IGCC电厂水分级利用与零排放方案研究

doi:10.11930/j.issn.1004-9649.201802048

摘要/Abstract

摘要： 针对国内首家IGCC电厂运行过程中存在的用排水流程不尽合理、煤气化与含硫废水处理难度大等问题，开展了水分级利用与零排放方案研究。通过系统分析诊断IGCC电厂用排水现状，尤其是废水处理系统的运行状况，提出了具体改造方案，主要内容有：（1）做好废水分类收集、分级使用工作，分别回收低盐和高盐废水；（2）根据不同废水水质特点，分别提出了生活污水、煤气化与含硫废水、化学制水系统反渗透浓水、末端废水处理工程改造方案，尤其是针对IGCC电厂特有的煤气化与含硫废水，提出了全新的处理工艺路线。按上述水分级利用与零排放方案改造，可使IGCC电厂实现废水零排放，单位发电量取水量由原来的1.51 m³/（MW·h）降低到1.01 m³/（MW·h）。

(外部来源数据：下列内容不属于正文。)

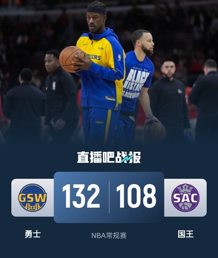 比赛开始,双方开场势均力敌,比分交替领先,次节勇士外线开火,连中三分取得两位数领先,德罗赞内外开花苦苦追赶,勇士多点开花不断扩大优势,半场战罢勇士68-53领先国王。易边再战,国王率先发力迫近比分,勇士回敬18-6的攻击波一举获得20分优势,富尔茨连续拿分止血,末节勇士稳扎稳打保持优势,没有给对手反扑的机会,最终,勇士客场132-106击败国王,结束了对对手的5连败,也赢得了关键的卡位战。

关键词: IGCC电厂, 水分级利用, 超低排放, 零排放, 煤气化与含硫废水

Abstract: In the first IGCC power plant in China, there are some problems in the operation process such as the water drainage process is not reasonable and the coal gasification and sulfur containing wastewater is difficult to deal with. In view of these problems, this study proposes the water gradient utilization and zero emission scheme. Through the systematic analysis and diagnosis of the current situation of IGCC power plant's water utilization and drainage, especially the operation of the wastewater treatment system, a detailed update plan is proposed. The main contents are as follows:(1) Low-salt waste-water and high-salt wastewater should be collected and reused separately; (2) The update schemes of domestic sewage, coal gasification wastewater, chemical desalted water, and terminal waste water treatment are proposed separately. Especially for the special gasification and sulfur containing wastewater of the IGCC power plant, a new treatment process is proposed. Through the upgrade of the above water gradient utilization and zero emission scheme, the zero emission of the whole plant wastewater can be realized, and the water intake for unit power generation is reduced from 1.51m³/(MW h) to 1.01m³/(MW h).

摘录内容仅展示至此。